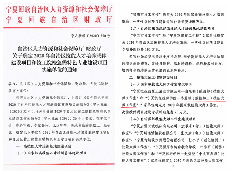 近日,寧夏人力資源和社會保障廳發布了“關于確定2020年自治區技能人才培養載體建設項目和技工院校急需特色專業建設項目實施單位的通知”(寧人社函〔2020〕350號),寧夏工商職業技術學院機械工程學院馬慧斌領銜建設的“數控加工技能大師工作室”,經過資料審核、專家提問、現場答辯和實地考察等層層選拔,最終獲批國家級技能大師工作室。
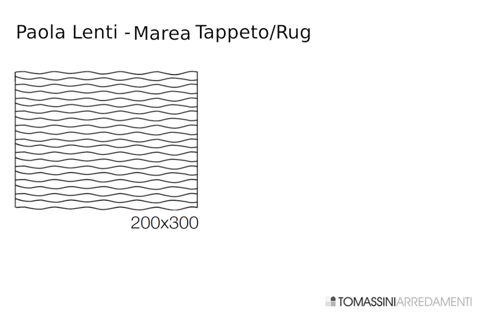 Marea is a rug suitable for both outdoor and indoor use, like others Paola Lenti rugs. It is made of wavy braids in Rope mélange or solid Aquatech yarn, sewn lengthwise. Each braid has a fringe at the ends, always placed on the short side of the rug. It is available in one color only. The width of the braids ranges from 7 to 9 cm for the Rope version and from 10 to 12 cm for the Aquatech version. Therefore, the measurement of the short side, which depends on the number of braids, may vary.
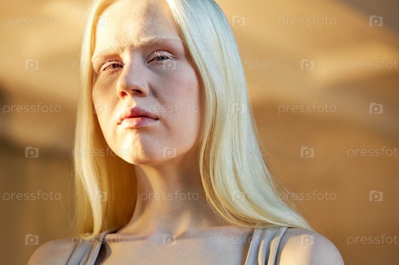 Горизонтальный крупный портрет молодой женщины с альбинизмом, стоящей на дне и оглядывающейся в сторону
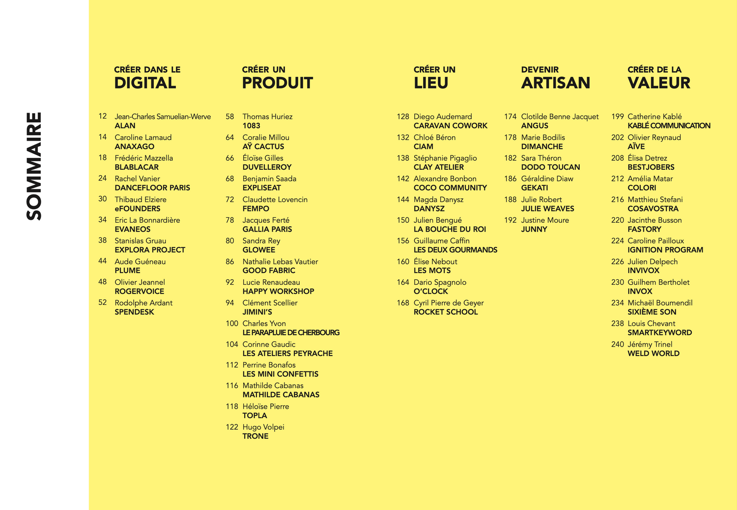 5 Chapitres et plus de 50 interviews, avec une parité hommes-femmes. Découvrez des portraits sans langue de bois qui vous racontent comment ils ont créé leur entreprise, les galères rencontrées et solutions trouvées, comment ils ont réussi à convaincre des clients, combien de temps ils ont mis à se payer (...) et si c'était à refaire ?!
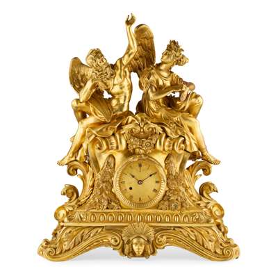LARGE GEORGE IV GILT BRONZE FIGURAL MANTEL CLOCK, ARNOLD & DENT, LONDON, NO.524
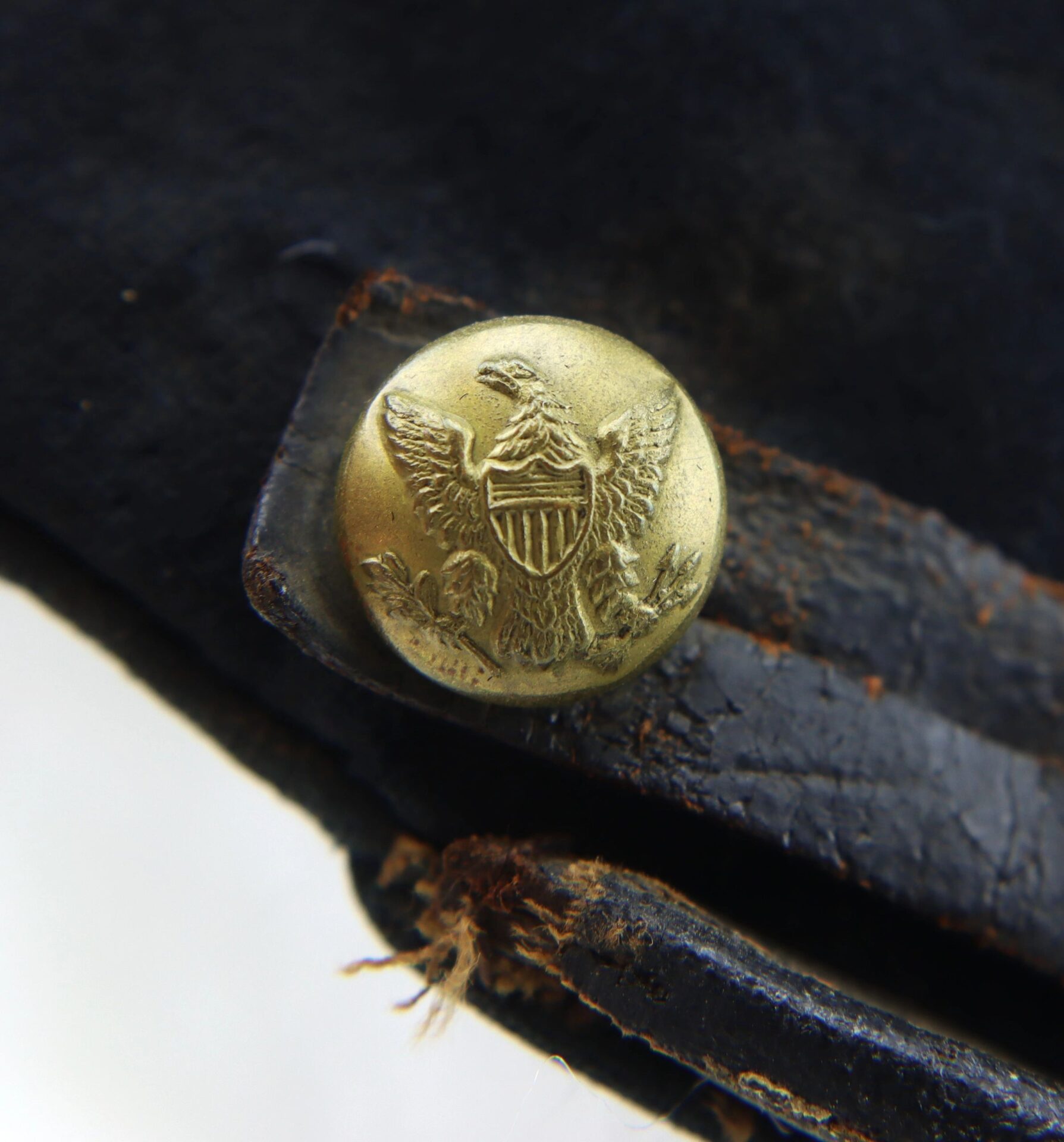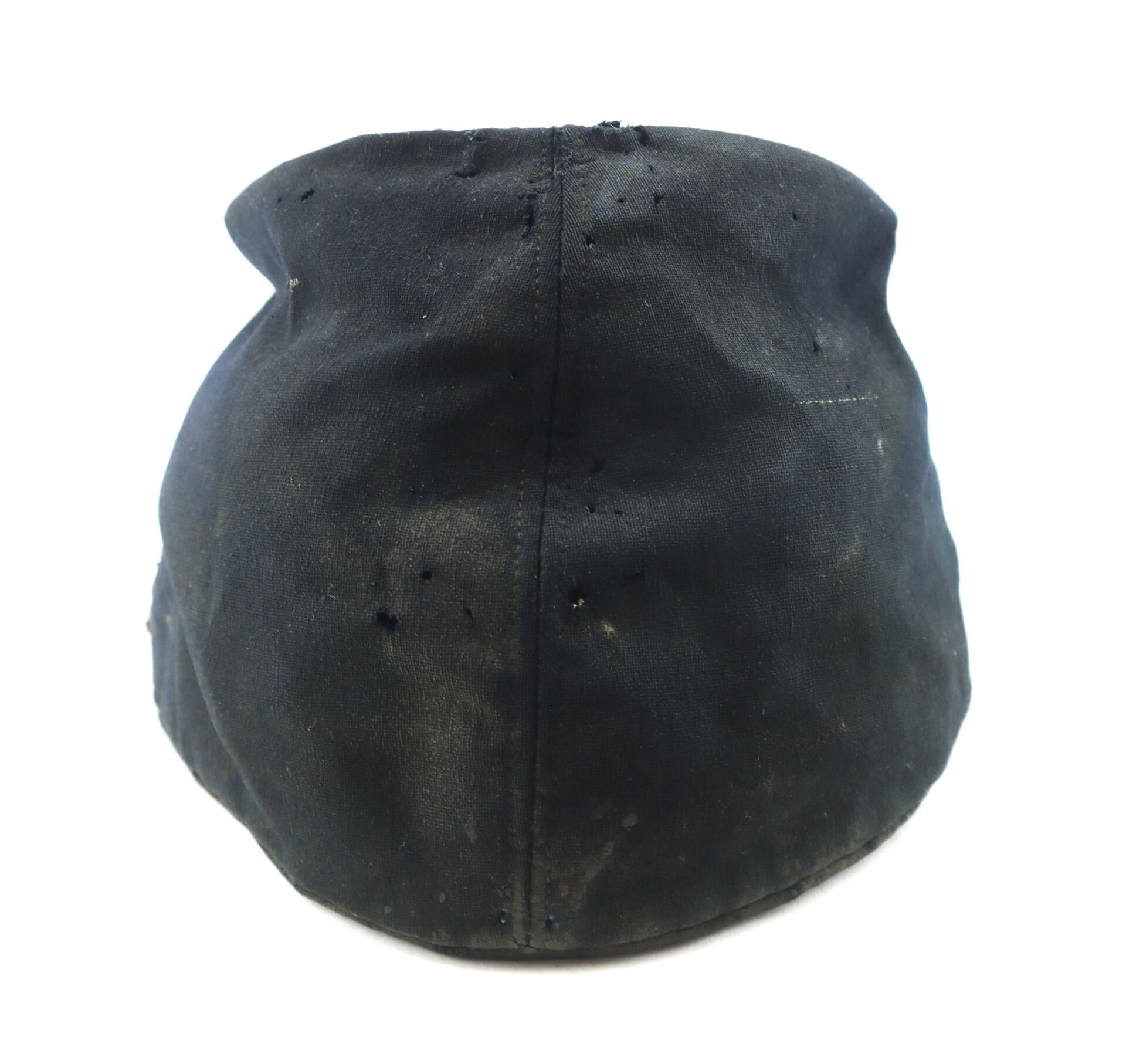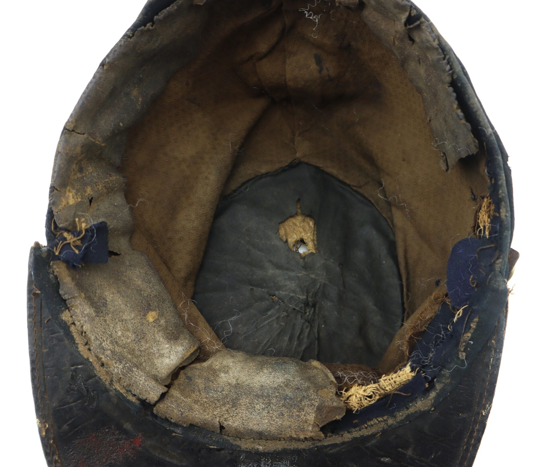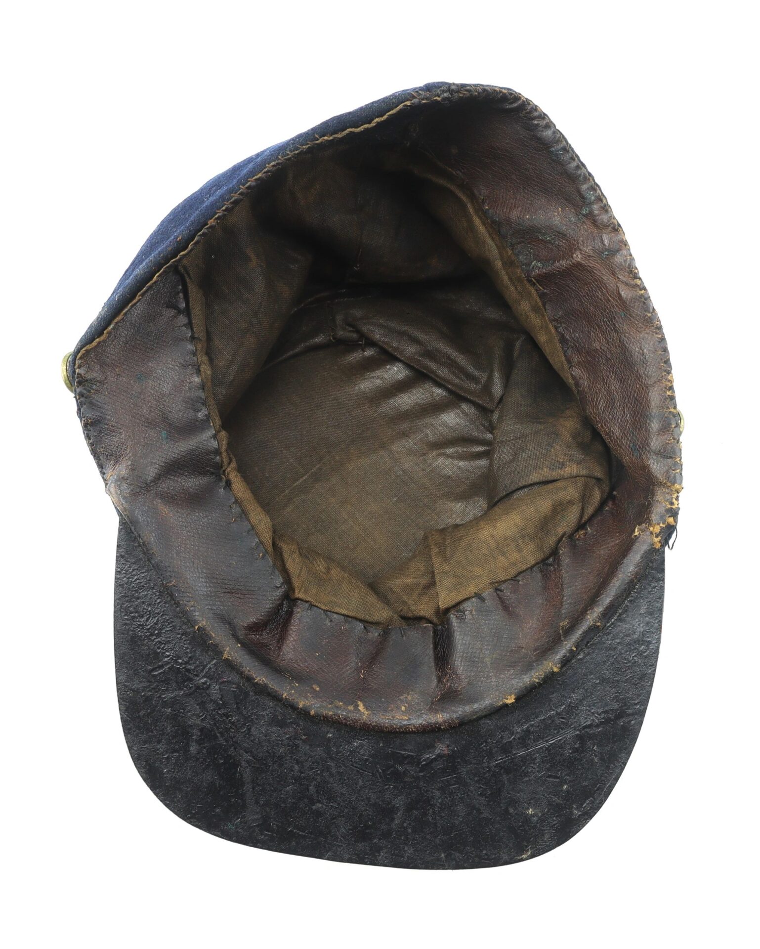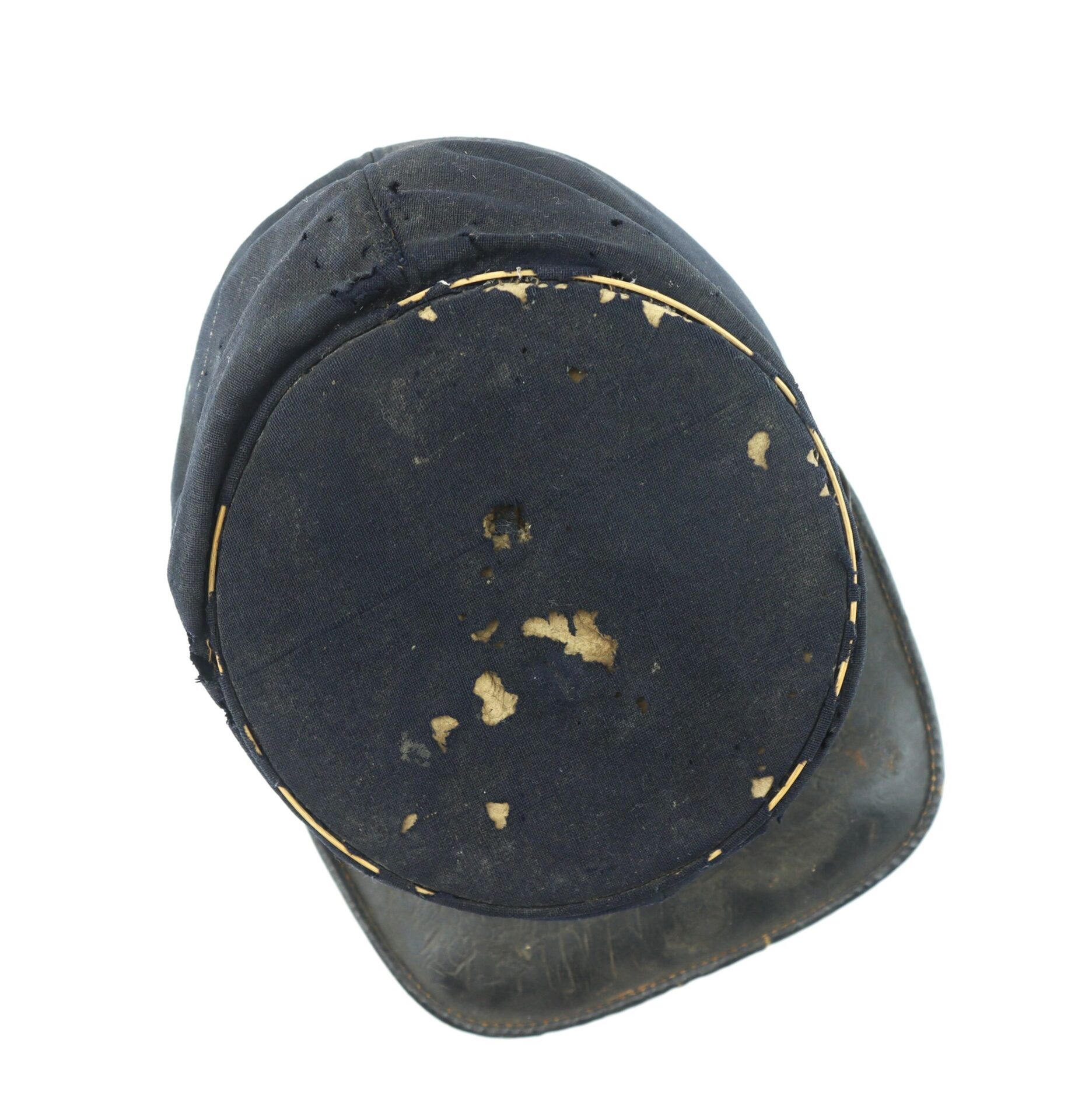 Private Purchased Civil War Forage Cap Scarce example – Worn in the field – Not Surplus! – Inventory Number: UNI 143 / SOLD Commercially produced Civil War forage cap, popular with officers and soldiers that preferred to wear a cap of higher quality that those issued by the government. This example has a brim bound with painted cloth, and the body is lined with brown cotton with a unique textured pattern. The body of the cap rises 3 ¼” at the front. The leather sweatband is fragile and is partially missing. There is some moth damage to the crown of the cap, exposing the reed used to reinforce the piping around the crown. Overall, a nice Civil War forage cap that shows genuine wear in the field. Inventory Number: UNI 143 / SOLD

--

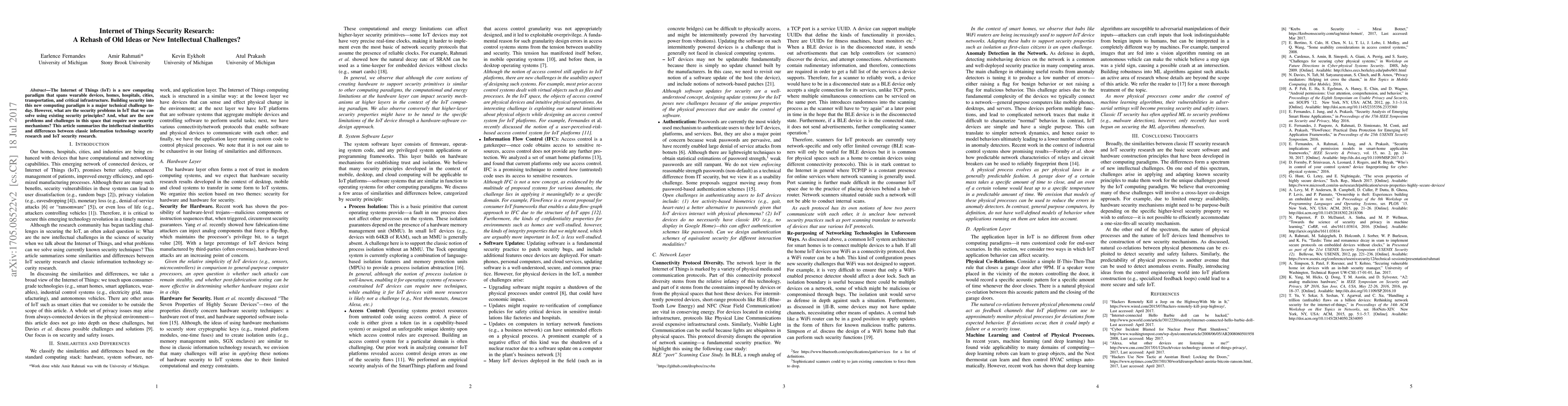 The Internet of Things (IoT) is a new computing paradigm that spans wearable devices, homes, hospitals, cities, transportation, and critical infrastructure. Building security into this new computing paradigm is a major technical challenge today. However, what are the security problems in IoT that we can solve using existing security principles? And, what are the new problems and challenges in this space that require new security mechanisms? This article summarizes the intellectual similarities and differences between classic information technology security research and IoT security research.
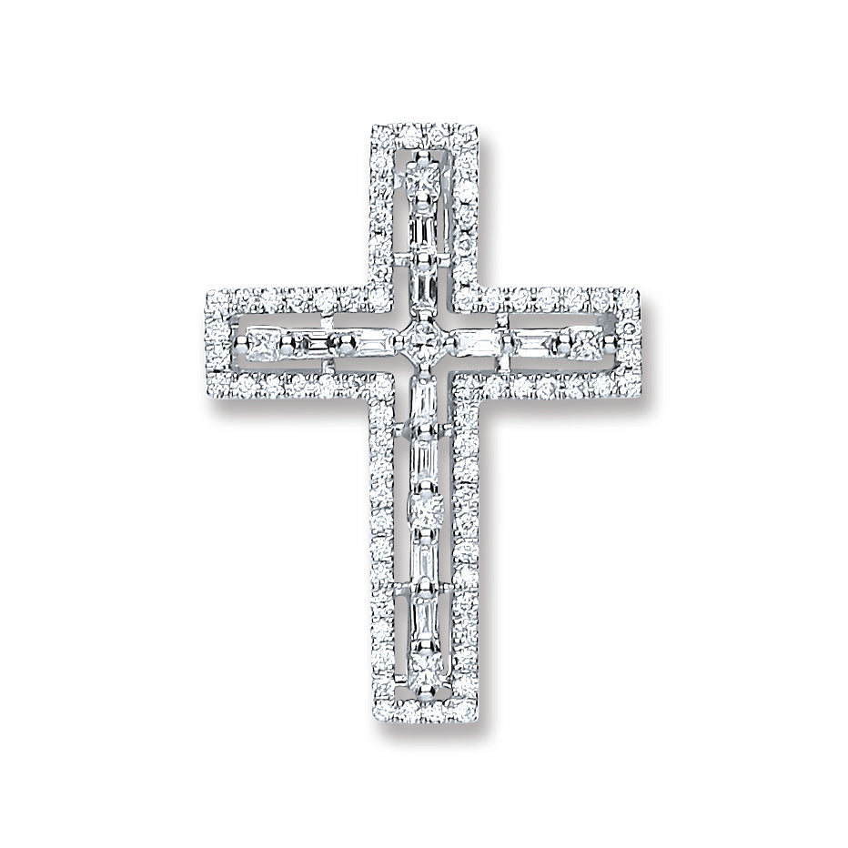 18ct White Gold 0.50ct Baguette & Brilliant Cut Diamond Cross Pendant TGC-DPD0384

* * *

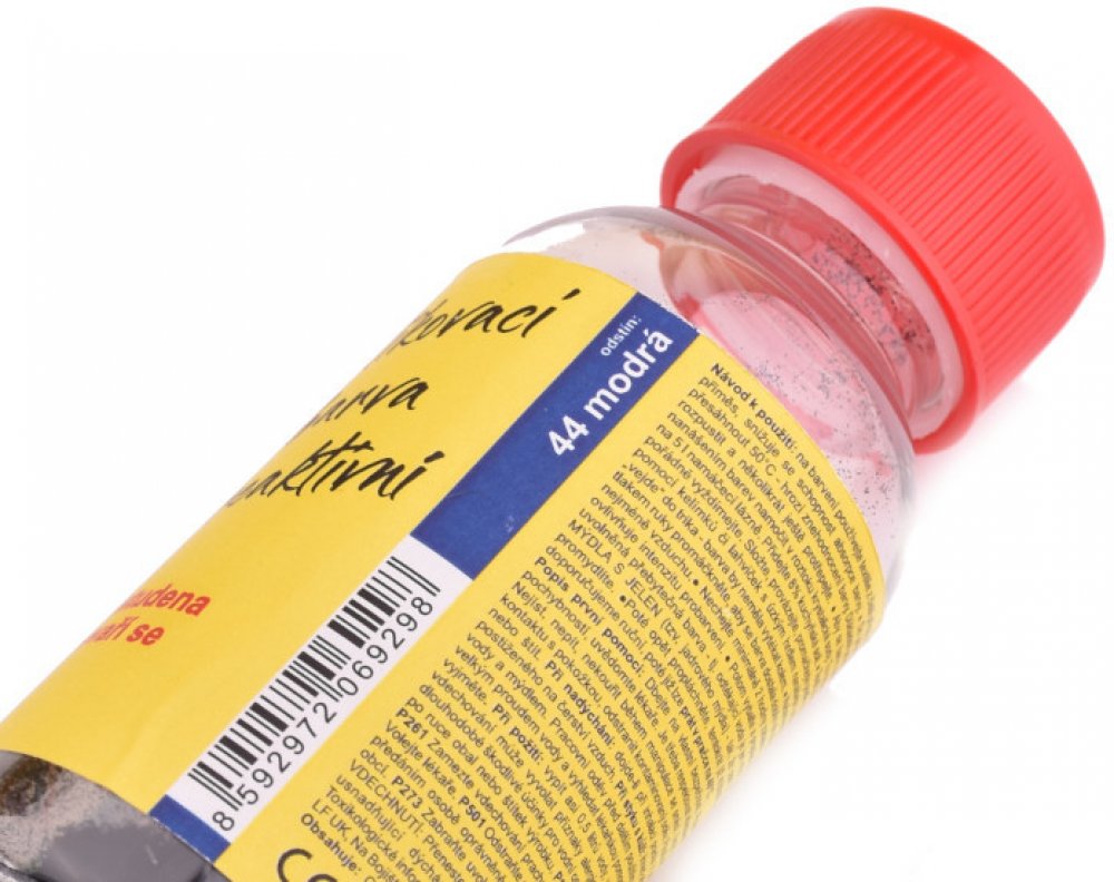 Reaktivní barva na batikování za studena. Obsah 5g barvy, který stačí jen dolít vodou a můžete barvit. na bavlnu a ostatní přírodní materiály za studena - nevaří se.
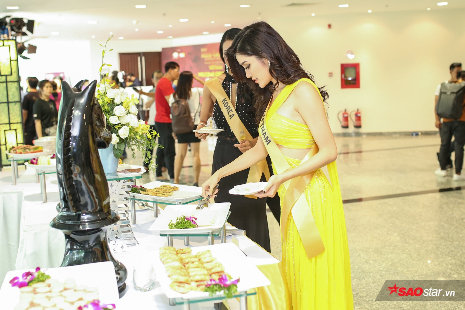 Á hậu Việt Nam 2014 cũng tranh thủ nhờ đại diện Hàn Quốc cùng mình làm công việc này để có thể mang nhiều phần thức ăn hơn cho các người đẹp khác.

Work instructions ▸ The lines to copy exactly start with the line above that has "Горизонтальный крупный портрет" and go on through the line that has "Private Purchased Civil"; please include both, add nothing else, and omit the pictures.

Final answer ▸
 Горизонтальный крупный портрет молодой женщины с альбинизмом, стоящей на дне и оглядывающейся в сторону
 5 Chapitres et plus de 50 interviews, avec une parité hommes-femmes. Découvrez des portraits sans langue de bois qui vous racontent comment ils ont créé leur entreprise, les galères rencontrées et solutions trouvées, comment ils ont réussi à convaincre des clients, combien de temps ils ont mis à se payer (...) et si c'était à refaire ?!
LARGE GEORGE IV GILT BRONZE FIGURAL MANTEL CLOCK, ARNOLD & DENT, LONDON, NO.524
 Private Purchased Civil War Forage Cap Scarce example – Worn in the field – Not Surplus! – Inventory Number: UNI 143 / SOLD Commercially produced Civil War forage cap, popular with officers and soldiers that preferred to wear a cap of higher quality that those issued by the government. This example has a brim bound with painted cloth, and the body is lined with brown cotton with a unique textured pattern. The body of the cap rises 3 ¼” at the front. The leather sweatband is fragile and is partially missing. There is some moth damage to the crown of the cap, exposing the reed used to reinforce the piping around the crown. Overall, a nice Civil War forage cap that shows genuine wear in the field. Inventory Number: UNI 143 / SOLD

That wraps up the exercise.